Hawaii cruise packing list
Here’s a full packing list to help you keep track of everything you need to bring on your Hawaii cruise.
Lightweight cotton or moisture-wicking T-shirts for each day of your cruise. Hawaii’s tropical climate means you’re likely to sweat while exploring during the day, so make sure you pack enough clean shirts to match the number of days you are away.
Several pairs of shorts, plus leggings or skirts for daytime wear.
Two swimsuits — one to wear while the other is drying. Also, a rash guard or an old T-shirt to wear in the water.
A few sarongs or beach cover-ups.
Additional athletic wear if you plan to hit the ship’s gym.
A lightweight sweater or fleece to layer if visiting high-altitude volcanic summits.

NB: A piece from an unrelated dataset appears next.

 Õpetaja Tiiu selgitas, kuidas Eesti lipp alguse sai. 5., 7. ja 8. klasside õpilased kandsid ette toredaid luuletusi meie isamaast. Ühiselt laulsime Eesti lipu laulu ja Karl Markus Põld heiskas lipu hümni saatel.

Jeans, slacks, collared shirts or nice T-shirts, blouses, skirts or summery dresses for most evenings on board. Tropical-print shirts and sundresses are always in style in Hawaii. Since evening wear isn’t as likely to get sweaty, you can plan to wear outfits or individual pieces more than once if trying to pack light.
Pajamas, underwear and socks.
Light rain jacket with hood and a small umbrella for sudden downpours.

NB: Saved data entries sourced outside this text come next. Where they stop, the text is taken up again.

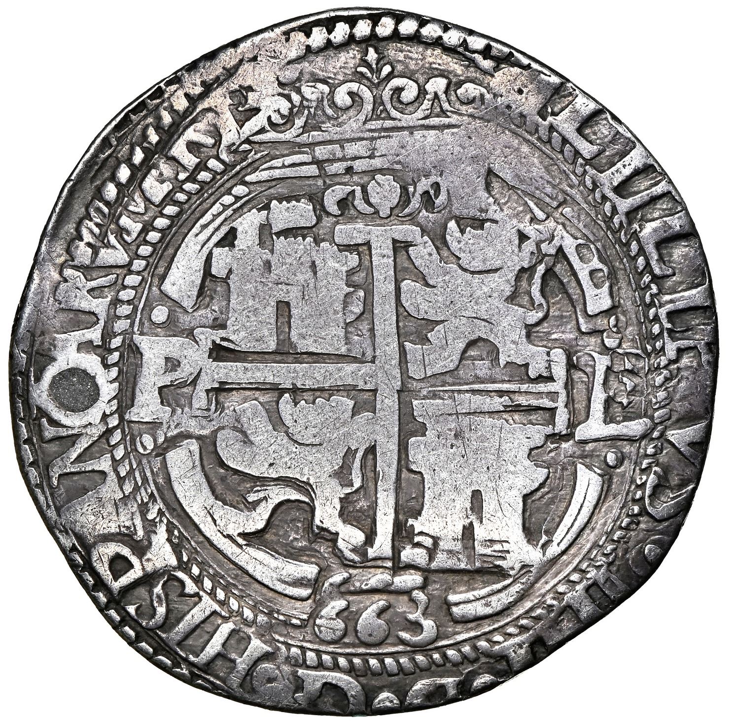 Potosi, Bolivia, cob 8 reales Royal (galano), 1663 E, rare, NGC plugged, clipped, ex-Tempel. S-P37a; KM-R21; Cal-1431. 24.66 grams. Broad flan (despite stated clipping) with nearly full legends and full inner details despite flatness and minor doubling, die match with Lazaro 169 (rarity R2, the only known Royal dies for this generally scarce date), attractively toned, plugged hole at top of pillars / left of cross. NGC #6272087-006. Pedigreed to the Tempel Collection (stated on label).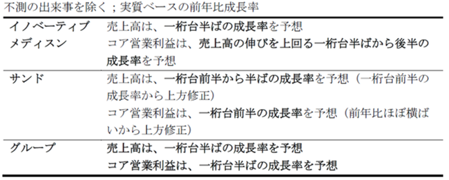 ■ノバルティス グループの2022年通期業績予想(売上高およびコア営業利益の一桁台半ばの成長率)を確認。サンドの通期業績予想を、売上高は一桁台前半から半ばの成長率(これまでの予想:一桁台前半の成長率)、コア営業利益は一桁台前半の成長率(同:前年比ほぼ横ばい)に上方修正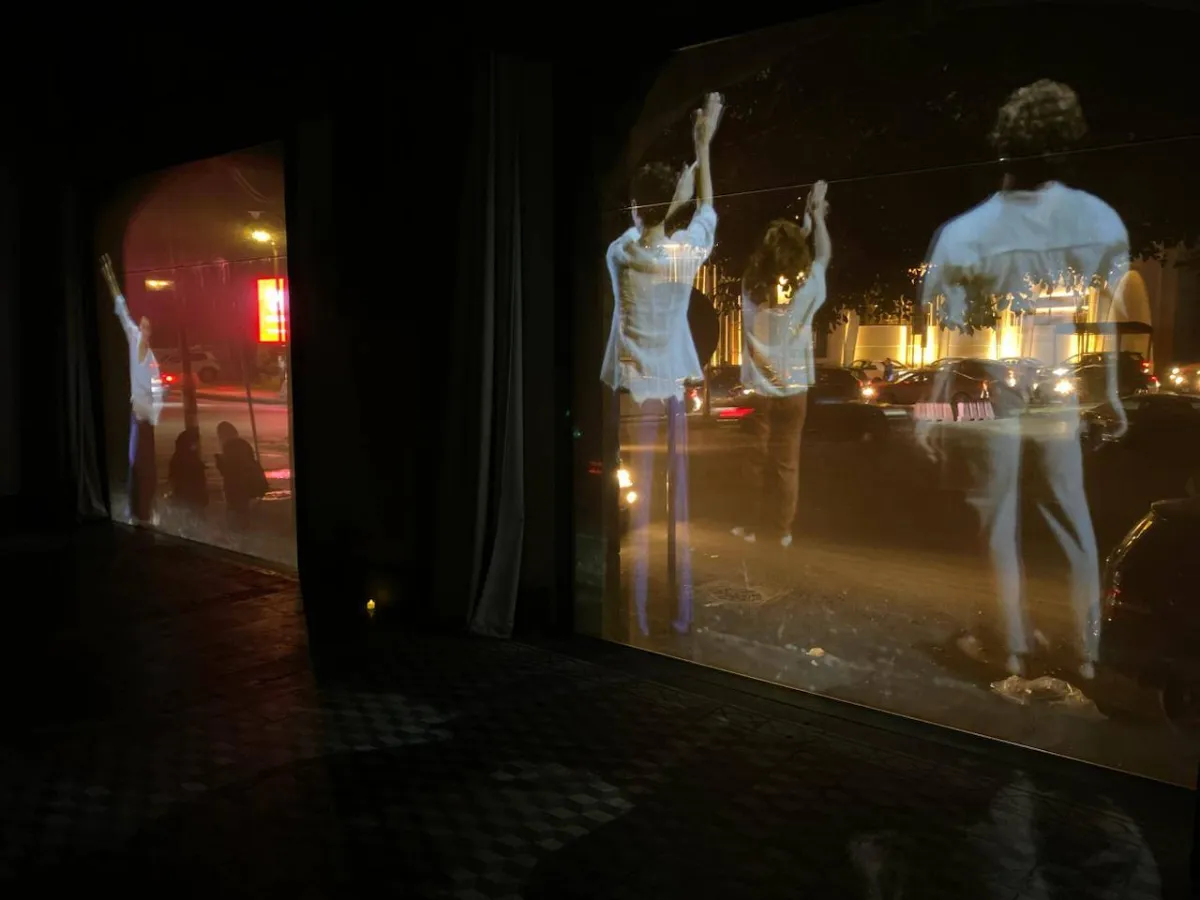 ثم يُسقِط المعرض على زجاج المبنى أجساداً تتحرَّك ببطء. رجال ونساء يظهرون مثل أطياف شفَّافة، كأنهم يخرجون من طبقة زمنية أخرى ليُخاطبوا المدينة المعاصرة. الانعكاس الذي تُحدِثه الإضاءة والمرور المتواصل للسيارات يجعل المشهد مُعلَّقاً بين الحياة والغياب. فمَن يؤدّون حركات تُشبه الاستغاثة أو محاولات العبور، يظلّون محبوسين خلف السطح الزجاجي الذي يفصلهم عن الضجيج الخارجي. هنا الماضي يقف عند الواجهة، يرفع يده، ويطلب أن نراه ولو على شكل طيف، عوض أن نطالبه بالخروج من المشهد.

Light sweater or shawl for chilly airplanes and onboard venues.
A pair of waterproof beach shoes, such as flip-flops or sports sandals.
A good pair of walking shoes or sneakers.
A nice pair of dress shoes or sandals for evenings on board.
Baseball cap, sun hat and sunglasses.
Toiletries, makeup, prescription medicine and a first-aid kit.
Reef-safe sunscreen, aloe cream for sunburns and bug spray.
Lightweight day pack or beach bag (perhaps both depending on your planned activities).
Reusable water bottle.
Waterproof phone case, dry bag, Ziploc bag or anything to keep your valuables dry during a beach day or water-based excursion.
Phone, camera, e-reader or tablet, as well as all the chargers that go with those electronics. Bringing multiple devices? Consider a cruise-compliant power strip so you can charge multiple devices at once.
Beach paraphernalia, such as your own snorkel and mask, plus floaties and sand toys if you’ll be traveling with kids.
Optional: Cocktail dresses or summer jumpsuits for an elegant night or special occasion dinner. (On some lines, formal attire is entirely optional; on others, you can dress down if you eat at the buffet or order room service.)
Check the onboard evening dress code for the cruise line you are sailing with, as well as the weather forecast for each island in advance of your Hawaii cruise.
Don’t be discouraged if you see icons for raindrops and clouds. The forecast could just mean brief morning or afternoon showers on only one side of the island. Also, be prepared for warm temperatures, daytime rays capable of inflicting harsh sunburn and slightly cooler evenings with gentle breezes. In other words, prepare to enjoy the tropical paradise that is the Aloha State.